Don’t register and don’t say anything else about it. If someone does buy you a gift, which many people will do, you accept it graciously and then send out thank you notes. Be aware though that if you don’t register, you will end up with gifts you don’t want and may not able to return anywhere.

Post # 14
Member
42 posts
Newbee
  • Wedding: August 2010

Same situation here.  No registry and no bridal shower. Case closed?  Hardly, now guests who are not able to come to the wedding are asking “Regretfully, we can’t attend your wedding.  Where are you registered? We’d like to send you a gift”.    Talk about being bit in the @$$.

Feeling kinda bad about it now.  FMIL was right all along. Darn it!

Post # 15
Member
2271 posts
Buzzing bee
  • Wedding: August 2009

I wanted to specify no gifts on the wedding invites but was told it was a no no to do so.
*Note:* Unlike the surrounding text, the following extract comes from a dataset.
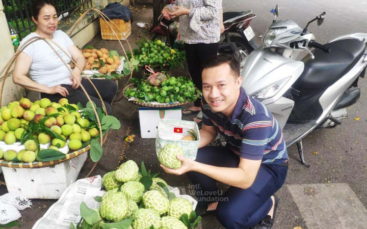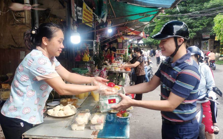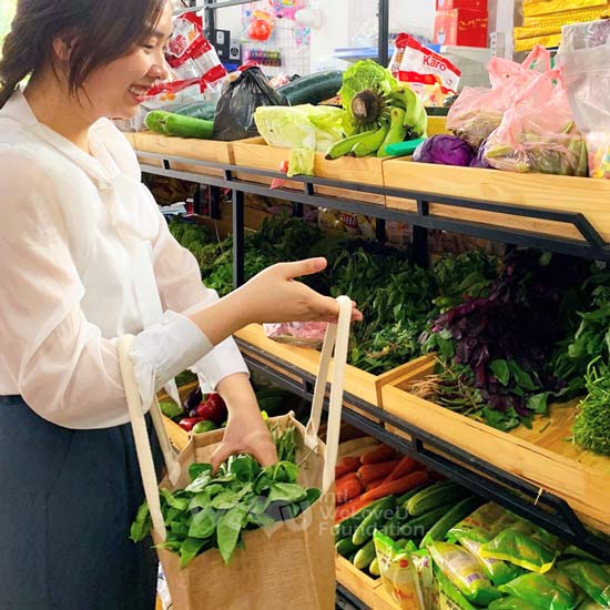고향에 갈 때 이 가방에 장을 봅니다. 소박하지만 튼튼하고 환경 친화적인 가방입니다. 플라스틱 폐기물이 넘치고 기온이 올라가자 하노이시에서 환경 캠페인 일환으로 제작한 것입니다. 오늘도 이 가방을 이용해 야채를 구입했습니다.
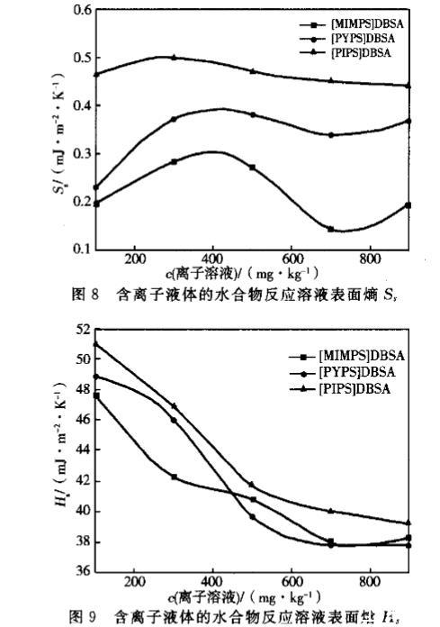 表1是不同濃度的離子液體表面熵S_i、表面焓H_r的值。

However, I did have the wedding web site URL on the reply cards as well as the STD cards and on the web site it was clearly stated that the only gifts we wanted was the “honor of your presence” on our wedding day! I should add that only half of our guests listened to us and the other half gave us money.

Post # 16
Member
2271 posts
Buzzing bee
  • Wedding: August 2009

I don’t know if it was because of our age or because it was well known that it wasn’t the first wedding for either of us, but we had no registry and only ended up with two gifts that were not money.

The topic ‘What if I don’t want any gifts?’ is closed to new replies.